Our analysis emphasizes the mutually constitutive relationship between knowledge production and IS in the age of data-intensive, ‘open’, large-scale research, thus challenging the idea of IS as a mere remedy to ‘disturbances’ – such as politics, ethics and hacking attempts – perceived as extraneous to science. In so doing, we take inspiration both from the long-standing tradition in information security literature to associate IS with the preservation of data confidentiality, integrity and accessibility, which is compatible with concerns around data re-use, and from seminal STS work on the boundaries between science, policy and social engagement and the many forms of co-production informing the practices and outcomes of research.

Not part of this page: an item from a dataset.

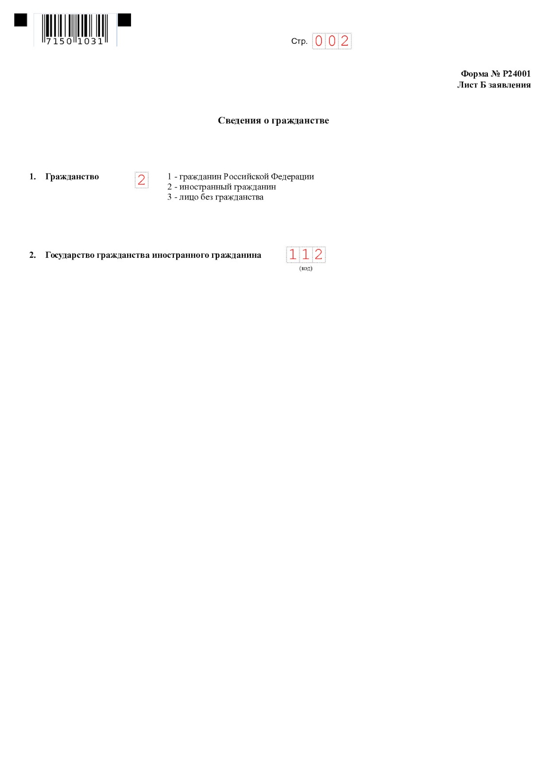 - Лист А заполняется лицом без гражданства в случае изменения имени и информации о рождении.

In what follows, we document cases in which security regimes are used to contribute and shape the processes and outcomes of biomedical knowledge production, for instance by prompting researchers to critically question their expectations with regard to data sources, formats, necessary metadata and potential uses, to forge new collaborations, and to account for the wider social context of the research in ways that may enhance the re-usability of data and help prevent future problems.4 We focus on the ways in which the complex socio-technical systems of data management operate in response to IS issues; the ways in which data are circulated and re-used in research projects conducted through the infrastructures; and the difference that taking account of IS regimes makes to set-up and outcomes of research projects. We argue that EIS and IIS are not necessarily in conflict with each other: The tensions between these two forms of IS derive from the ways in which researchers and the institutional settings within which they work tackle the division of scientific labour, often rendering data management strategies vulnerable to technical innovations, public controversies or regulatory shifts. When EIS and IIS are combined at all stages of the research process, the loss of freedom related to specific implementations of IS is balanced by the broader applicability and social responsiveness of the data management strategies being devised.

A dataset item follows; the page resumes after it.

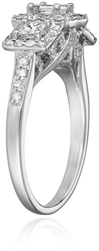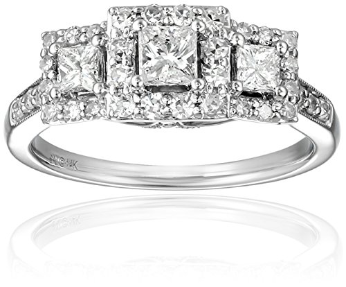 Three-stone engagement ring featuring princess-cut diamonds flanked by pave-set stones

Our empirical exploration is grounded in the study of how biomedical data travel from their site of production to sites in which they are disseminated and re-used, which we call ‘data journeys’ (Leonelli, 2016a). We are particularly interested in journeys that involve a wide variety of data handling practices, and within which data are reformatted, manipulated and adapted to different technologies, habits, institutional settings and goals.5 We study ethnographically two data linkage infrastructures for biomedical research: the Secure Anonymised Information Linkage (SAIL), a Welsh databank that aims to facilitate appropriate re-use of health data derived from research and routine medical practice in the region; and the Medical and Environmental Data Mash-up Infrastructure (MEDMI), a project bringing together researchers from the University of Exeter, the London School of Hygiene and Tropical Medicine, the Met Office and Public Health England to link and analyse complex meteorological, environmental and epidemiological data. SAIL is dedicated to fostering the re-use of routine health and administrative data and other previously generated research datasets; while MEDMI is centered on the collection and re-analysis of large environmental and health datasets to foster the integration of evidence available on human health and wellbeing, and their relationship with the environment.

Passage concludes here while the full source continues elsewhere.